Dogs adopted by animal hoarders frequently exhibit nutritional deficiencies. That’s because hoarders acquire many more dogs than they can truly care for and that results in tremendous neglect.
4. Dogs Can Perceive Feathers to Be Dangerous
Your dog may consider feathers to be dangerous, which means they can see feathers as threats. Dogs naturally bark or try to attack the things that make them scared. They run and try to grab or stay away from such things. It could be a possible reason for your dog’s obsession with feathers.

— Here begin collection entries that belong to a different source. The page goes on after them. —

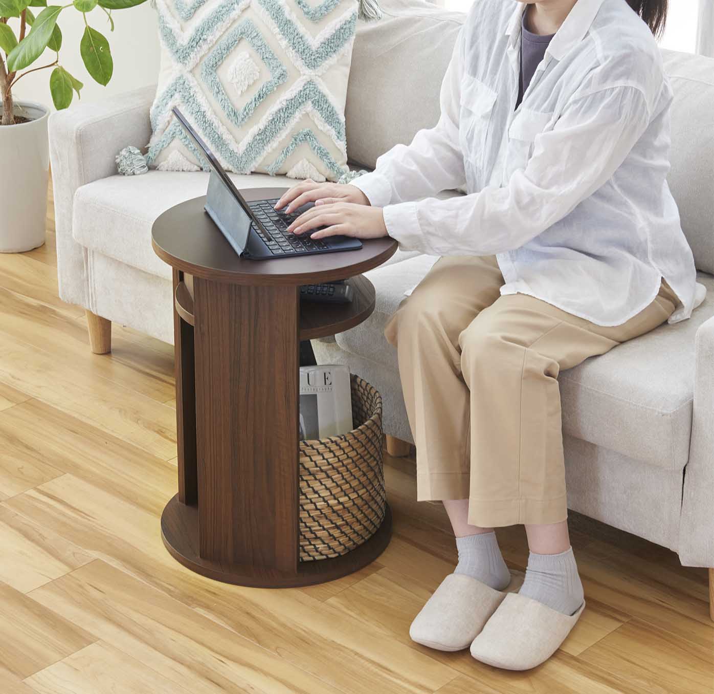 サイドテーブル 丸形 中棚付きメラミン天板 ダークブラウン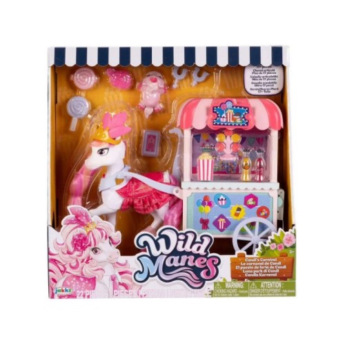 | Karakteristike | Upoznajte Wild Manes, sarene konjice jedinstvenog stila iz animirane serije koja prikazuje svet šarenih konjica, smeštenih u maštovito okruženje zvano Mane Street. Preslatke prijateljice govore o prijateljstvu i avanturama. Zabavni set za igru uključuje: kolica puna poslastica za zadovoljenje vaše želje za slatkišima, plus nekoliko karnevalskih nagrada. Komplet sadrzi preko 17 dodataka. Figura dolazi sa nekoliko tačaka artikulacije. Ovi setovi razvijaju dječju kreativnost i maštu. |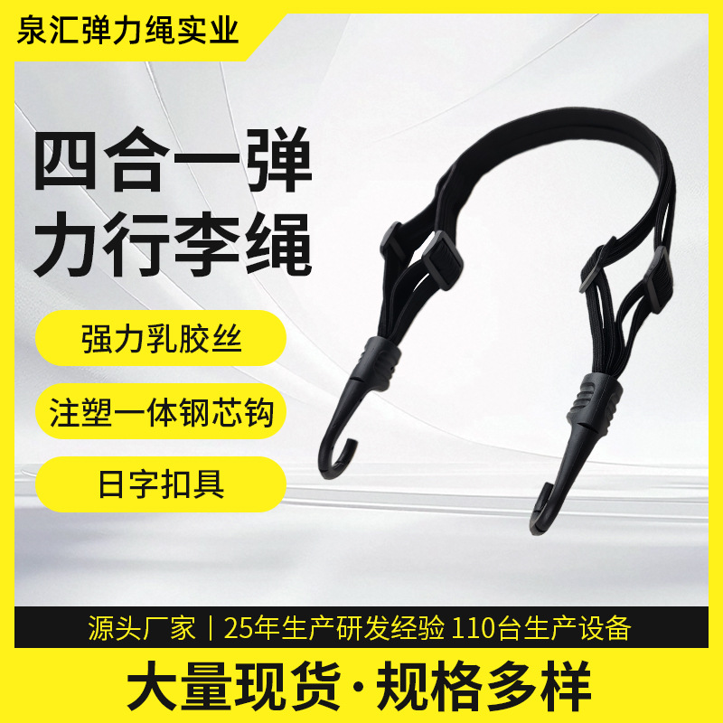 クロスボーダーラテックス製荷物用ロープ、フック付き伸縮ロープ、バッテリーカー・バイク・ヘルメット用ロープ、4in1結束バンド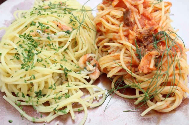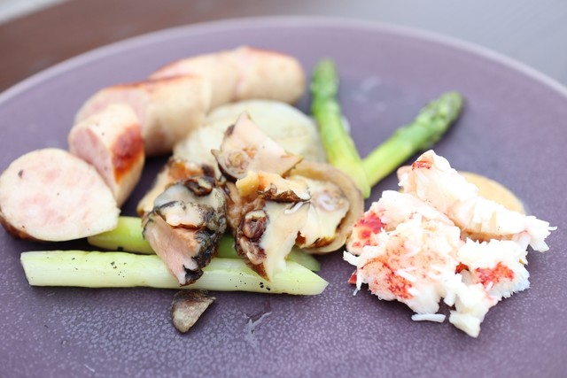 料理は綺麗に盛り付けられたサラダから始まり、牛肉、オマールエビ、パスタなどが次々に出てきます。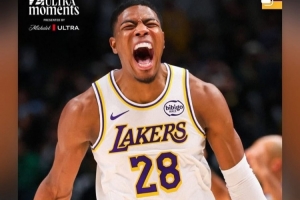 詹姆斯轉發(fā)了八村塁在昨日客場擊敗獨行俠比賽中命中關鍵三分的怒吼慶祝照,并寫道:“大心臟黑武士????”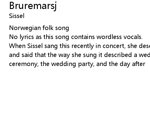 | When Sissel sang this recently in concert, she described it as a wedding march and said that the way she sung it described a wedding in three parts: the ceremony, the wedding party, and the day after |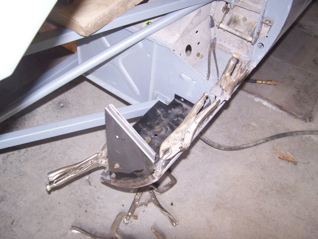 The left side was done just like the right side, but using the battery tray to set the alignment. It was at this point that I learned that the slotted holes at the base of the new battery tray were in the wrong location. I will have to weld the slots up and make new ones when the time comes.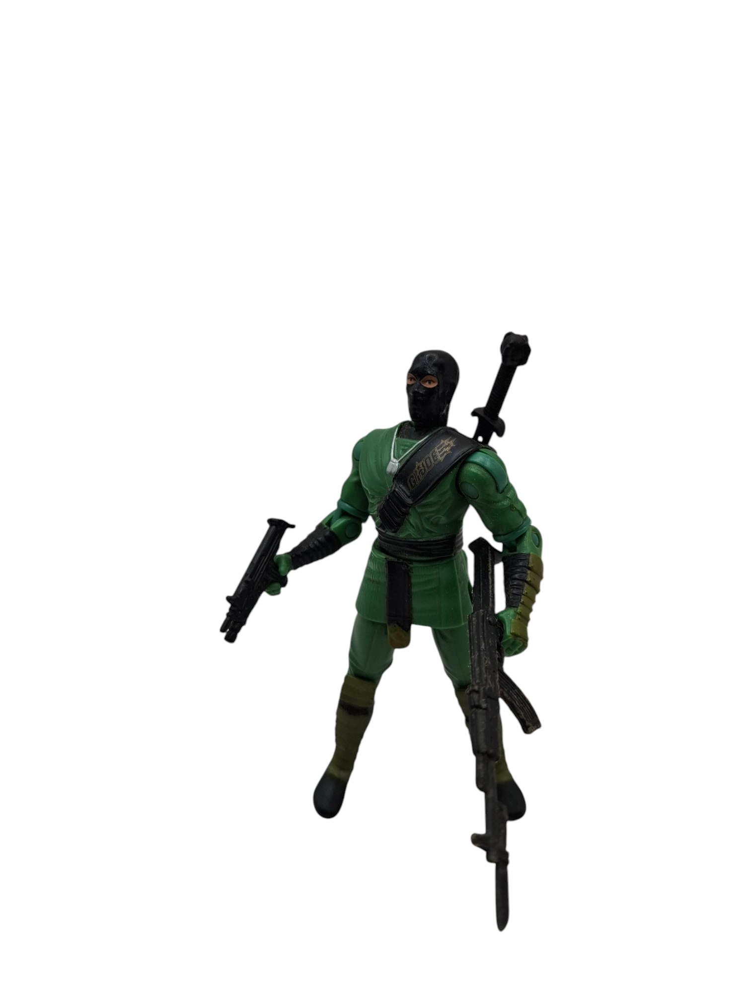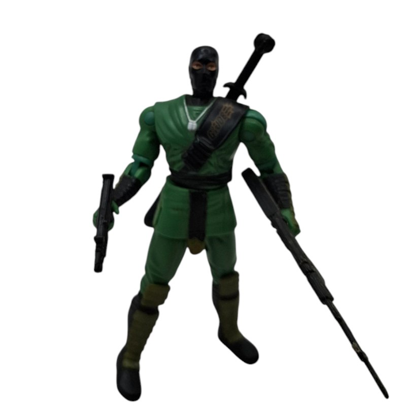 La Figura Cobra Ninja Verde Hasbro 2001 destaca por su esculpido y sus múltiples accesorios que refuerzan su rol de experto en combate: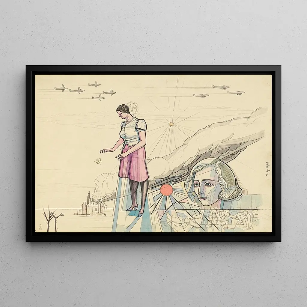 The art print of War Idyll immerses us in a universe where beauty and brutality coexist. This piece, filled with tension, juxtaposes elements of softness and conflict, creating a disturbing atmosphere. The dark colors and expressive strokes reveal the complex emotions of the characters, while the dynamic composition draws the eye and provokes thought. Every detail, from the faces to the backgrounds, is carefully crafted to convey a powerful message about the consequences of war. This canvas invites deep contemplation, questioning our relationship with violence and peace.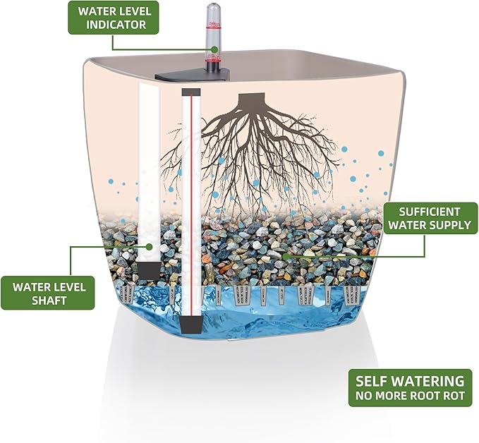 - SELF WATERING & NO MORE ROOT ROT - The smart unique sub-irrigation system is one of the most appealing aspects among all Dexceder planters. The easy-to-use separated integrated water reservoir or catcher- keeps your soil well aerated and automatic supplies plants with the right amount of ongoing moist air & nutrition for optimal growth. The insert indicator shows you the exact time to water again. The full water supply period can single-handedly last over 3 weeks based on different live plants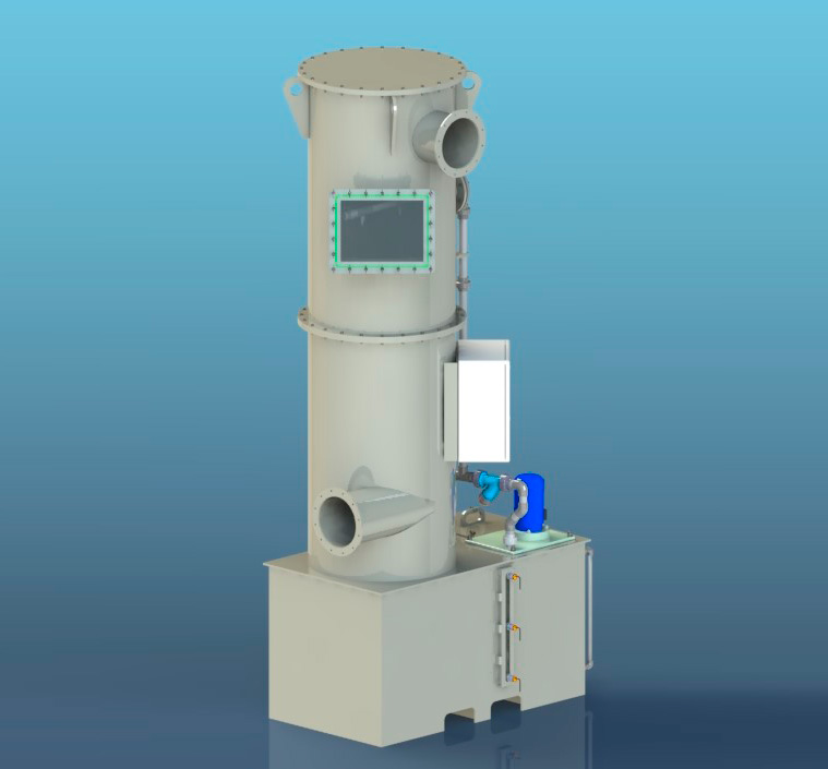 Скруббер состоит из бака с раствором, цилиндрической колонны с насадкой (кольцами Палля), насоса подачи раствора на форсунки, коллектора с форсунками, распределяющими раствор по насадке.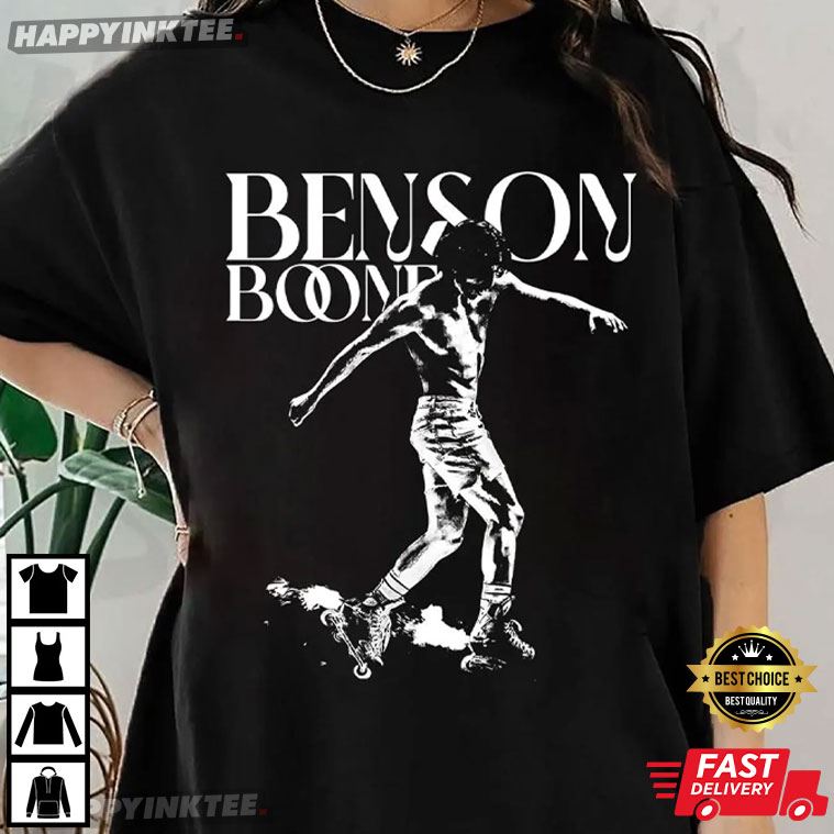 Our Benson Boone Fireworks and Rollerblades Vintage Fan Gift T-Shirt is all about the vibes and themes from his “Fireworks & Rollerblades” EP, making it a must-have for true fans. The design shows a black-and-white graphic of Benson Boone on rollerblades, looking super dynamic, maybe in the middle of skating or nailing a trick.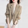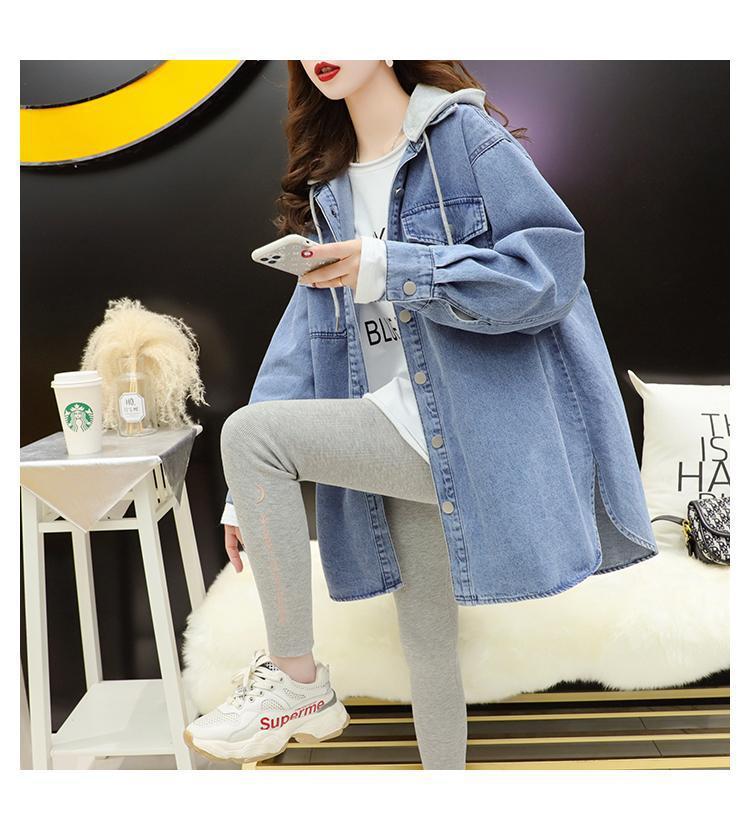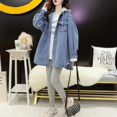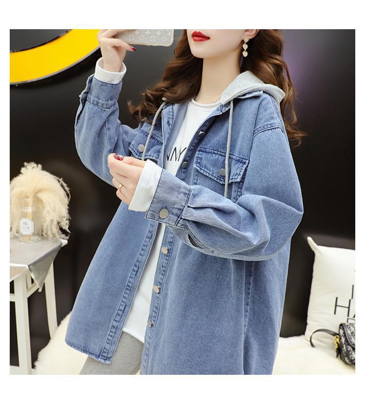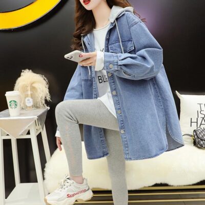 Áo khoác denim gió lười nữ mùa xuân và mùa thu 2023 phiên bản mới của áo khoác gió dáng rộng có mũ trùm đầu kiểu Hàn Quốc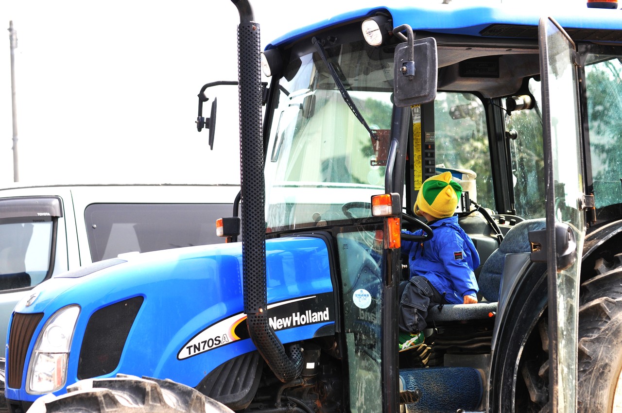 かなりでっかいトラクターに乗ってハンドル操作

It’s possible that when your dog was a young puppy, a fowl attacked them. Or perhaps you scold your dog for chewing on the cat’s toy, which scares them. Another scenario is a family member chasing the dog using a dry-flying treble hook.
5. Maybe It’s In Their Genes
Did you know that certain dogs have a condition known as “globophobia,” where they have an unreasonable dread of balloons? Something similar can happen when it comes to dogs and feathers.
Some dogs are more prone to phobia formation, for instance, when they have not been properly socialized as puppies. The phobic reactions could show up later in a dog’s life. They are also fascinated with the smell of feathers and inclined towards feathers.
Because they frequently smell like birds, most dogs may link feathers with food. So, you shouldn’t be surprised if your dog chases and nibbles on a bird’s feather.
Do Some Dogs Hate Feathers?
While some dogs adore feathers, others despise them. Dogs that dislike feathers and are utterly terrified of them get freaked out. This specific condition in dogs is known as “Pteronophobia.”
The anxiety and fear of becoming tickled by feathers are called pteronophobia. The Greek origins of pteronophobia are “Ftero,” which means feathers, and “Phobos,” which indicates fear or strong repulsion.
Should I Let My Dog Play With Feathers?
If you find that your dog is fascinated with feathers, you shouldn’t have to worry because it’s not toxic or dangerous. Simply make sure your dog isn’t chewing on feathers to make up for nutrient deficiencies. In that case, you should take corrective measures without delay.
What To Do If My Dog Eats A Feather?
Feathers can help cleanse the digestive tract of your dog. Dogs can also benefit from cleaning their teeth using bird’s feathers as they help to eliminate plaque and stop tooth decay.
But a thing to note is that dogs can’t digest feathers. Under most circumstances, your dog will either vomit the feathers out or release them as excreta. So, look at their stools after they swallow the feather.
How To Avoid My Dog Chasing Feathers?
Choking hazards is one of the many reasons why you may not want your dog to chase feathers. The best way to stop dogs from chasing and eating feathers is to train them properly. Just teach them that chasing and eating feathers is not something they should be doing and that should suffice.
Conclusion: Reasons Why Dogs Love Feathers
Whether your dog is fascinated with feathers because they want to play with them or are afraid of them, you should let them enjoy or express themselves.
However, it would help if you kept an eye out to avoid serious injuries or accidents. No one can predict how your dog will respond to feathers. But you can make pretty good assumptions based on what you just learned in this article and respond accordingly when your dog comes into contact with feathers.